# EXERCISE GOAL
Copy nothing but the lines below, from the one with "Пальто женское из" through the one with "(1) SNS (sense): Ce", exactly as written; no pictures should appear.

# DATA BELOW
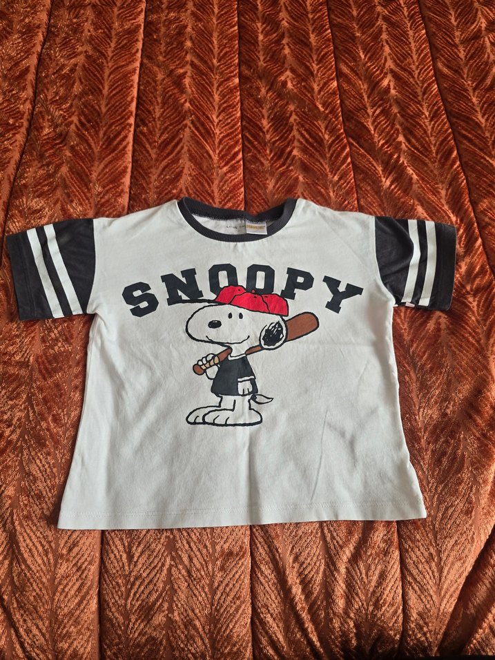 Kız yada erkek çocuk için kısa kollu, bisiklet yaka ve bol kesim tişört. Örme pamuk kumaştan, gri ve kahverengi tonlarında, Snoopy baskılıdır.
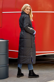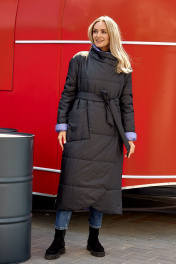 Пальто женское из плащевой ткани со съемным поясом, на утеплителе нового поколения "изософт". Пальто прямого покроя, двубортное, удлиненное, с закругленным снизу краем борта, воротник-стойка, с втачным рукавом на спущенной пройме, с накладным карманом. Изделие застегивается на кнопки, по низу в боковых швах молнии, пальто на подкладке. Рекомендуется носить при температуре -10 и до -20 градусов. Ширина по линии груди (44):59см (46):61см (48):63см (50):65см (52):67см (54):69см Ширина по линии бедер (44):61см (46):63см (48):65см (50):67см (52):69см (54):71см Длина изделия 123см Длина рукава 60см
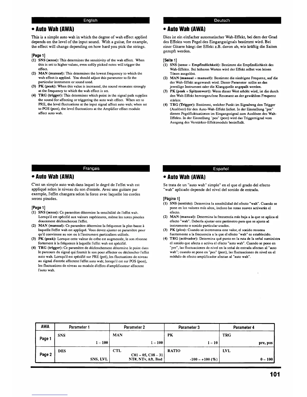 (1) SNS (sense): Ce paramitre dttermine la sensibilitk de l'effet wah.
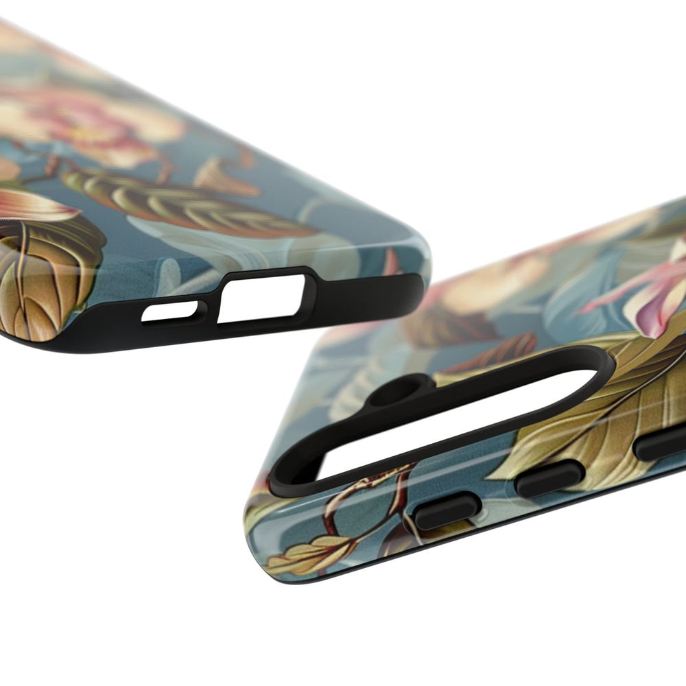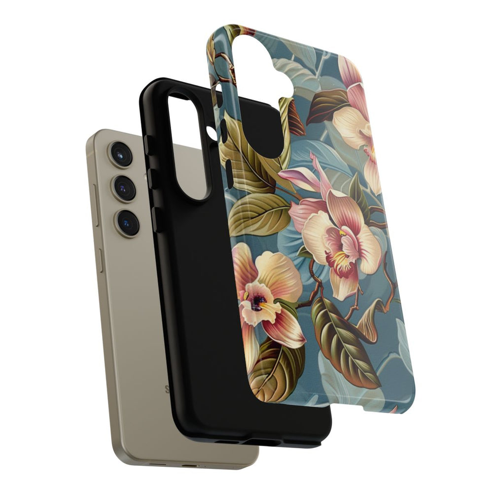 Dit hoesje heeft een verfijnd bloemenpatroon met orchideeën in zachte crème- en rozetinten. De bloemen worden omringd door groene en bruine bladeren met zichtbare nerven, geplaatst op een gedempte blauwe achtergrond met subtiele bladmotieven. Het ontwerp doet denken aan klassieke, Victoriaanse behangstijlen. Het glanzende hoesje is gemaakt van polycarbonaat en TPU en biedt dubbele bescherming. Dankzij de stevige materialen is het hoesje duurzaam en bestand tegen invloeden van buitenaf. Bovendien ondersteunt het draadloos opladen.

# WRITTEN ANSWER
 Пальто женское из плащевой ткани со съемным поясом, на утеплителе нового поколения "изософт". Пальто прямого покроя, двубортное, удлиненное, с закругленным снизу краем борта, воротник-стойка, с втачным рукавом на спущенной пройме, с накладным карманом. Изделие застегивается на кнопки, по низу в боковых швах молнии, пальто на подкладке. Рекомендуется носить при температуре -10 и до -20 градусов. Ширина по линии груди (44):59см (46):61см (48):63см (50):65см (52):67см (54):69см Ширина по линии бедер (44):61см (46):63см (48):65см (50):67см (52):69см (54):71см Длина изделия 123см Длина рукава 60см
 (1) SNS (sense): Ce paramitre dttermine la sensibilitk de l'effet wah.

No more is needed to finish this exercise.